My ISP in the late nineties also had a list of customer’s homepages (Internet Archive link). One of the earliest iterations of a web directory perhaps. I frequently perused the list, visiting each site regularly for a time. Some pages were not dissimilar to what you’d see on Geocities. Avril & Andrew’s home page (Internet Archive link), is one I clearly recall, on account of the easy to remember URL.
But it wasn’t just customers checking out each other’s websites.
At one point the splash page (remember those?) of my website featured a violin. I have no idea why now. I’d put a purple tint on it, with Photoshop, and liked the way it gleamed on the white background of my site. Anyway, there was some problem with the site and I’d had to call, on the phone, a landline no less, the ISP.
You didn’t get through to a call centre back then, you spoke to the people who owned the company. I forget their names, but I usually spoke to one of two somewhat sarcastic guys.

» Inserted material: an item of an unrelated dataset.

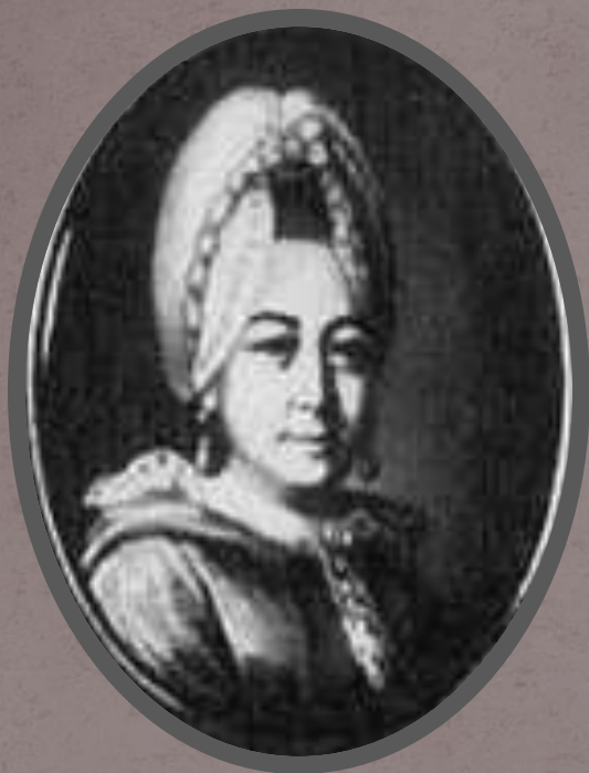
Мария Алексеевна Ганнибал бабушка А.С.Пушкина

Воспитанный французскими гувернерами, из домашнего обучения вынес прекрасное знание французского и любовь к чтению. Любовь к родному языку ему привили бабушка, Мария Алексеевна Ганнибал, превосходно говорившая и писавшая по-русски (явление редкое в дворянских семьях того времени), и няня Арина Родионовна.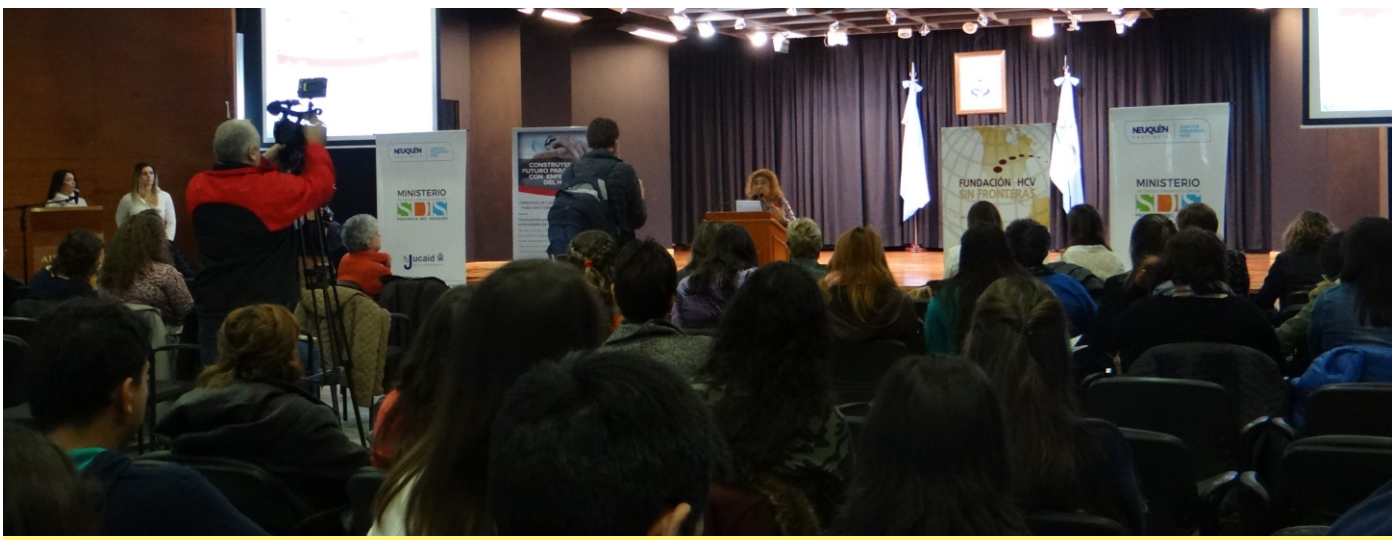
> Capacitación para efectores de salud de atención primaria y ONG's

Insistir sobre la defensa de los derechos de acceso a la salud fue un trabajo de capacitación realizado por voluntarios que recopilaron en hojas informativas asesoramiento legal para las personas enfermas.

Having explained the issue, and being put on “hold” while whoever had taken call went to investigate, I heard him say to his colleague, “yeah, I’ve got violin guy on the phone…”. The colleague responded, saying something like, “oh, purple violin guy?” You wouldn’t see that sort of… familiarity today.

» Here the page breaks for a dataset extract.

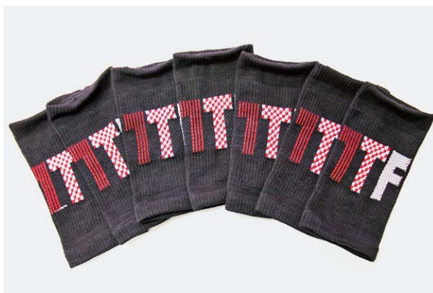
Sl.2 TZG 2018 - radionice: a) Od različitog tipa tijela do različitog tipa odijela , b) Izrada čarapa i termofiziološka svojstva plošnih proizvoda i obuće

Despite the snarky attitude, I was pleased no end to be actually speaking to non-acquaintances who looked at my website. Occasionally the “webmaster”, the person who looked after the servers, would also reply — usually in the middle of the night — to some of my support emails.
Something else that would never happen today.
The ISP was taken over several times during the time I was with them, growing with each buy-out. The customer homepage list vanished, along with the two original staffers, whom I never spoke to again. I sometimes wonder what became of them, the ex-ISP startup founders, the then nocturnal webmaster, along with Avril and Andrew, and where they are now.